Wednesday, January 23, 2008

Hollywood becoming more pro-life-- in six movies

From Lynn Vincent in World...

Vincent writes at length about a recent surge of (four) pro-life films in Hollywood. Abortion has never been a popular theme for Hollywood-- itself an interesting observation. But now, they seem to be going from largely neutral to positive.

I first heard about this theoretical possibility about a decade ago-- when Frederica Mathewes-Green wrote about other cultural changes that had been acceptable but were eventually modeled by Hollywood and seen by the general public as unacceptable. (Examples: the guy who was tipsy at work and viewed as cute or humorous; the man who slapped his wife around to keep her in line; smoking.)
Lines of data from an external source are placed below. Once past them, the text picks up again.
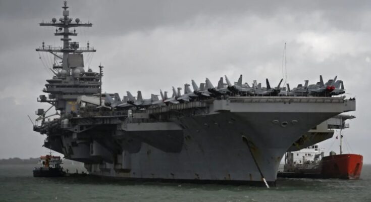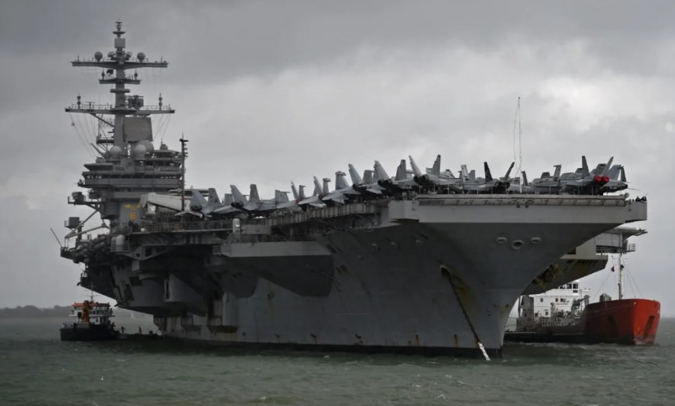 Debido a su tamaño (332 x 317 metros) no podrá amarrar en ningún puerto de nuestro país y permanecerá en aguas jurisdiccionales argentinas, escoltado por el USS Porter y el buque logístico USNS John Lenthall.
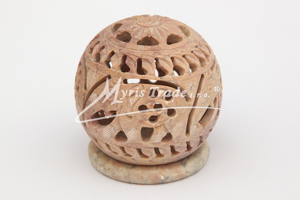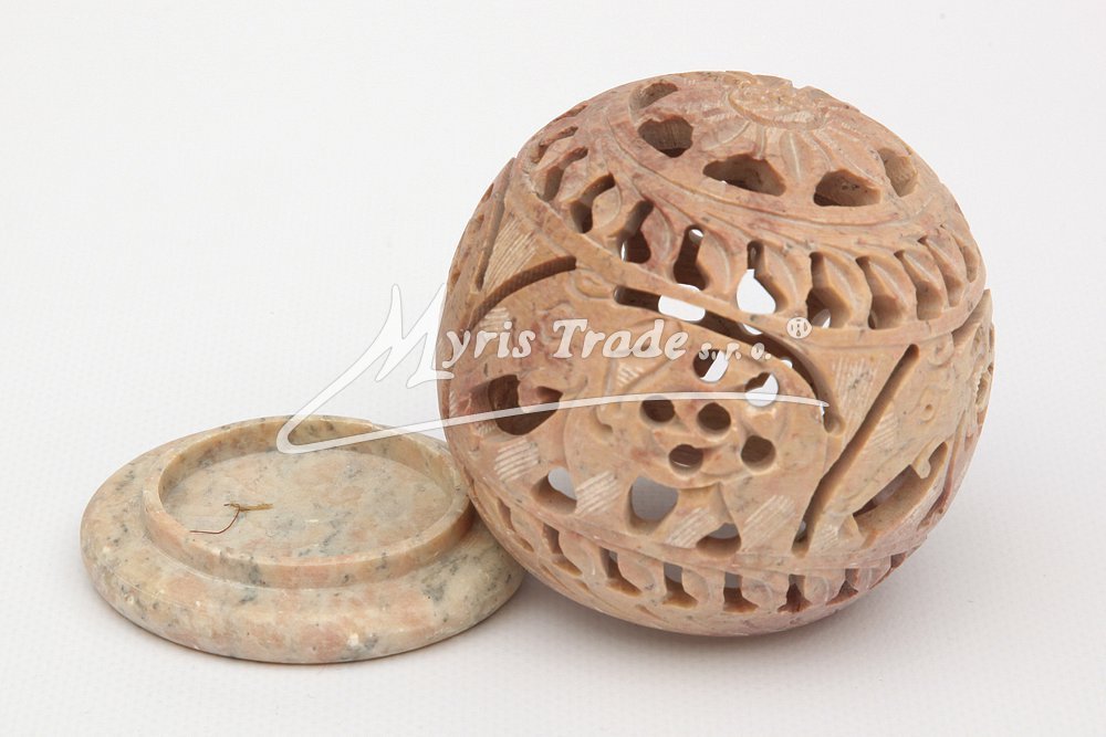 bohatě vyřezávaný svícen na čajovou svíčku s motivem slona je ručně vyroben z mastku, jednoho z nejměkčích kamenů
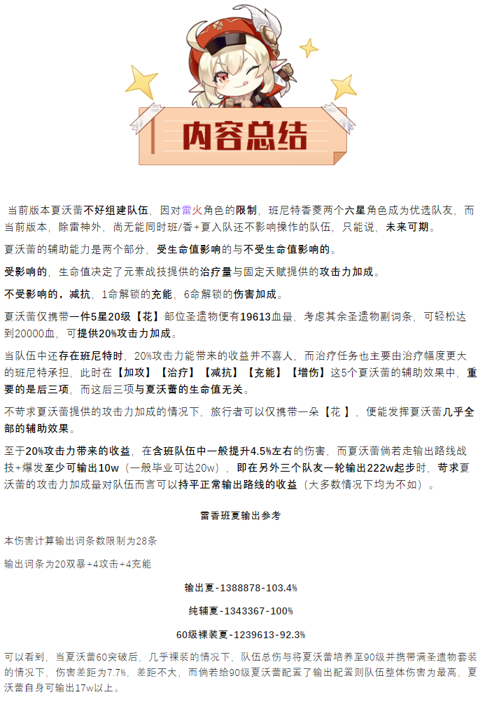 解析:对队伍中的角色种类进行了限制,神似妮露,但与妮露不同的是,[协同战法]的效果并不需要夏沃蕾进行额外操作,只需要她在队伍中且队伍中角色种类满足需求即可。降低抗性的数值为40%,追平风套,还可后台触发,十分慷慨。
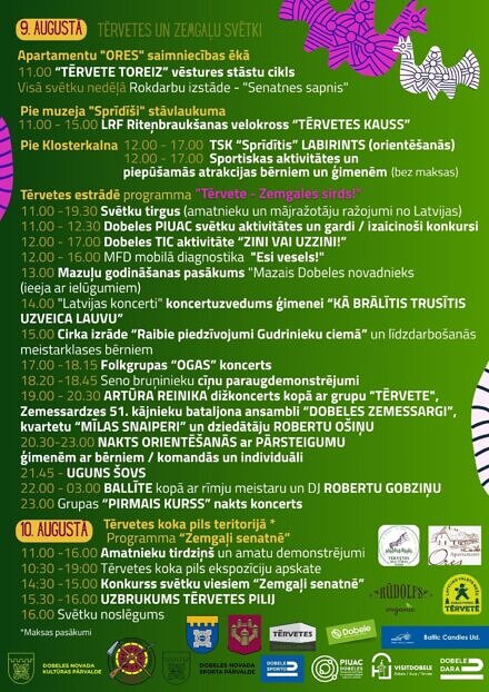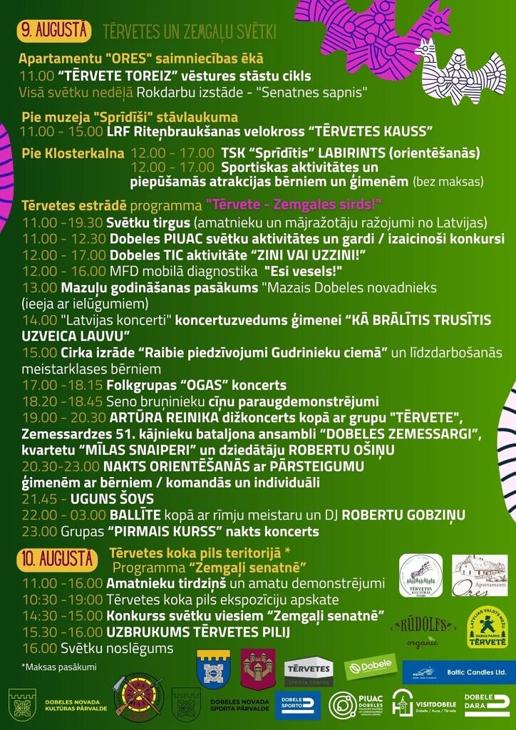 Visplašākā svētku programma tiek piedāvāta 9. augustā, kas norisināsies gan Tērvetes koka pils teritorijā, gan Tērvetes estrādē un apartamentu “Ores” stāstnīcā.
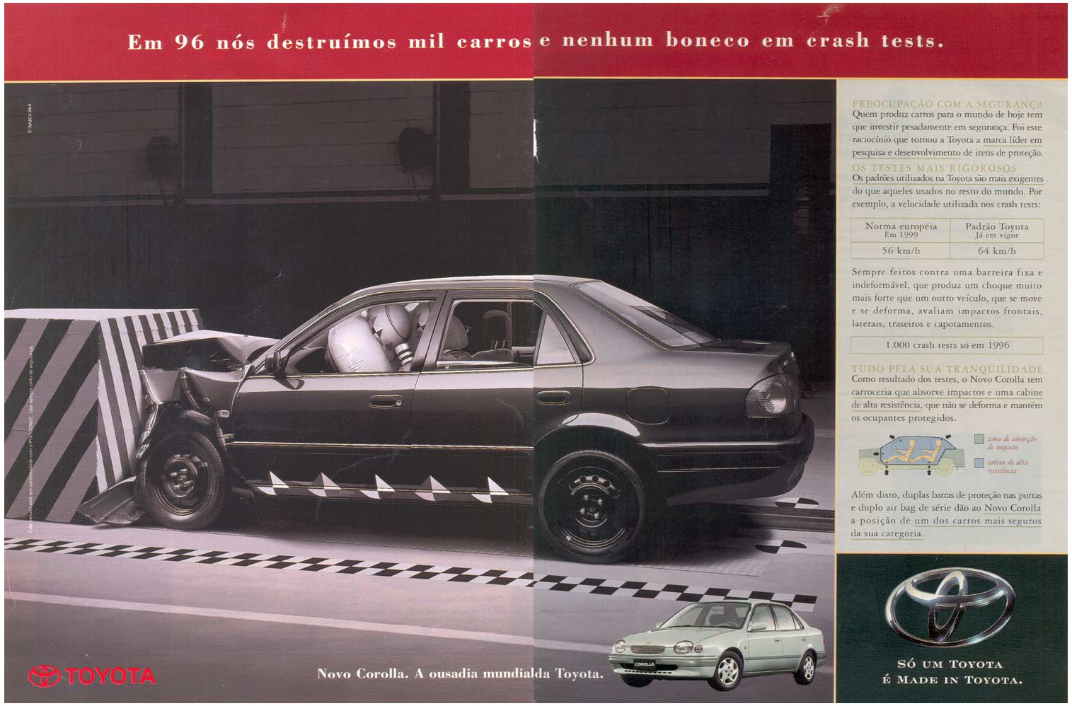 Esta propaganda do Toyota Corolla, veiculada na edição de 31 de dezembro de 1997 da Revista Super Interessante, destaca o foco da marca em segurança automotiva, utilizando crash tests como principal argumento. A frase de impacto "Em 96 nós destruímos mil carros e nenhum boneco em crash tests" ressalta a seriedade com que a Toyota tratava a segurança dos ocupantes. A imagem central mostra um carro em um teste de colisão, com airbags ativados, transmitindo visualmente a mensagem de proteção.

I blogged on Bella earlier. Frankly, of this quartet of films, I'm only likely to see Bella and perhaps Juno. But that's what makes this even more noteworthy. Three of the four are not "Christian" or even explicitly pro-life films...

First, a quick overview of the four films...

In the movie Knocked Up, blond-and-beautiful television producer Alison is tapped for her on-air dream job, but while celebrating she gets pregnant during a one-night stand. She decides not only to keep the baby but also to build a relationship with the father.

In Bella, a soccer star's life is upended when he kills a young girl in a traffic accident. Realizing a new reverence for life, he convinces a friend to carry her unplanned pregnancy to term.

In Noelle, a priest whose job is to shut down ailing parishes encourages an unmarried woman to keep her baby, the fruit of a liaison with the arrogant heir of a wealthy family.

In the comedy Juno, the title character, a pregnant teenager, decides to carry to term and place her child for adoption—because a pro-life teen picketing the abortion clinic where Juno had gone to terminate her pregnancy points out that Juno's baby already has fingernails. The film is nominated for a Golden Globe Award.

Has Hollywood tilted off its reliably pro-abortion axis? With the 2007 debut of these films, has the American abortion debate finally reached a tipping point, where more art now imitates pro-life?...

Then, a key observation:

Hollywood has awakened to this fact: Abortion is not only unarguably un-sexy, but also un-heroic. And without sex and heroes, Hollywood would have few bankable stories to tell.

An ironic catalyst?

Steve McEveety half-jokes that Hollywood's slow shift toward life is all Quentin Tarantino's fault.

In Kill Bill: Vol. 2, Tarantino's 2004 installment in a two-part bloodbath, two female assassins wind up stalking each other. "There's this scene where one of the hit women just found out she's pregnant," McEveety said. "The other hit woman . . . decides not to kill her because she would be killing two people. Nobody got it except for the young kids who saw the film. That's the next generation of filmmakers."

Those would-be filmmakers—and many already making movies—are influenced heavily by ultrasound technology, said McEveety, a Roman Catholic who is very vocal about his own pro-life views: "You can go on the internet now and find video of a 24-day-old baby and see the heart beating. Technology is catching up to the lies. You can't dispute the images."


Likewise, in Touchstone, Joan Frawley Desmond also writes about four pro-life films. (She drops Juno and Noelle and picks up Waitress and The Children of Men.) Her conclusion:

It's striking that in all these well-regarded films, the female protagonists choose the good of saving unborn life amid the ruins of a broken marriage, a dysfunctional family, and a decadent culture-- the social environment typically used to justify the "lesser evil" of abortion. Instead, one might conclude, the overarching them is "no excuses".